Schlagwort-Archive: Alternative Country

Geheimtipp mit Ausrufezeichen – Okieson

Alternative Country ist ein klassisches Underdog-Genre, nichts für Weicheier, vielmehr für Typen, die der heilen Welt des Mainstream-Country dunkle Töne entgegentrotzen. Die Liste der führenden Verfechter eines zugegeben schwammigen Genres strotzt vor eigenwilligen Songwritern, denen am ehesten die Herkunft gemein ist. Es scheint eben eine amerikanische Angelegenheit zu sein, die europäische Musiker meines Erachtens nicht so recht zu fassen vermögen. Umso erstaunlicher mutet Cupboard Full Of Things der niederländischen Formation Okieson an. Vor allem der oft knarzige, unheimlich passende Ausdruck von Sänger Sebastiaan van Bijlevelt hebt das Album auf derart gutes Niveau, dass man der Platte durchaus Tribut zollen darf.

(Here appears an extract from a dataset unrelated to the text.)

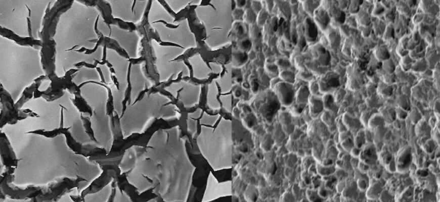Зображення, отримані за допомогою скануючого електронного мікроскопа, (ліворуч) свіжих електродів і (праворуч) використаних електродів через 24 години. Чорні плями на використаному електроді пояснюються забрудненням вуглецем.
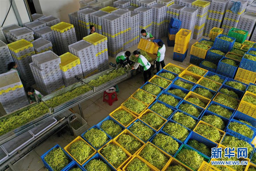 7月12日,祁東縣黃土鋪鎮(zhèn)雁隆食品公司內(nèi),工人通過傳送帶運送黃花菜準備加工(無人機照片)。新華社記者 趙眾志 攝

Bereits der Opener Fix Me Up scharrt erfolgreich mit den Hufen, vermittelt eine dichte, von nachdenklichen Lyrics gekennzeichnete Atmosphäre, während die Musik danach klingt, als hätten Okieson der Kult-Band 16 Horsepower sehr, sehr oft gelauscht. Sich an Meistern zu orientieren, das hat wahrlich noch nie geschadet. Auch wenn die Band mal kräftiger in die Saiten drischt, klingt das durchdacht und stimmig, richtig mitreißend. Trees wäre als so beschaffenes Beispiel zu nennen. Auf dem Titeltrack Cupboard Full Of Things treten die textlichen Qualitäten besonders deutlich hervor, Zeilen wie „A punishing beam of sunlight slaps the day into my face“ bringen Stimmungen auf den Punkt, verstärkt durch ein anschwellendes Arrangement. Das hat Hand, hat Fuß, mehr noch entwickelt eine eigenen Charme, der nicht auf die großen Vorbilder schielt. Vorbildlich auch wie Good Friend, wo die Worte „And I awake into silence/ the impuls as my guide/ shake hands with the devil/ as a good friend by my side“ ein altbekanntes Motiv nicht zum Klischee verkommen lassen und van Bijlevelt einmal mehr eine wohldosierte Performance abliefert, in die eigene Stärke vertraut, nicht wimmert oder Pathos hinzuzieht. Das Album hält den eingeschlagenen Kurs bis zum Ende durch, zupft nicht nur dumm die Klampfe, sondern bedient sich einer bunt gestreuten, immer stimmungsvollen Instrumentierung. Vielleicht fehlen die besonders eingängigen Melodien, welche der Platte gleich beim ersten Hören eine Aufdringlichkeit verleihen könnten. Das freilich sollte den Liebhaber des Alternative Country wenig kratzen.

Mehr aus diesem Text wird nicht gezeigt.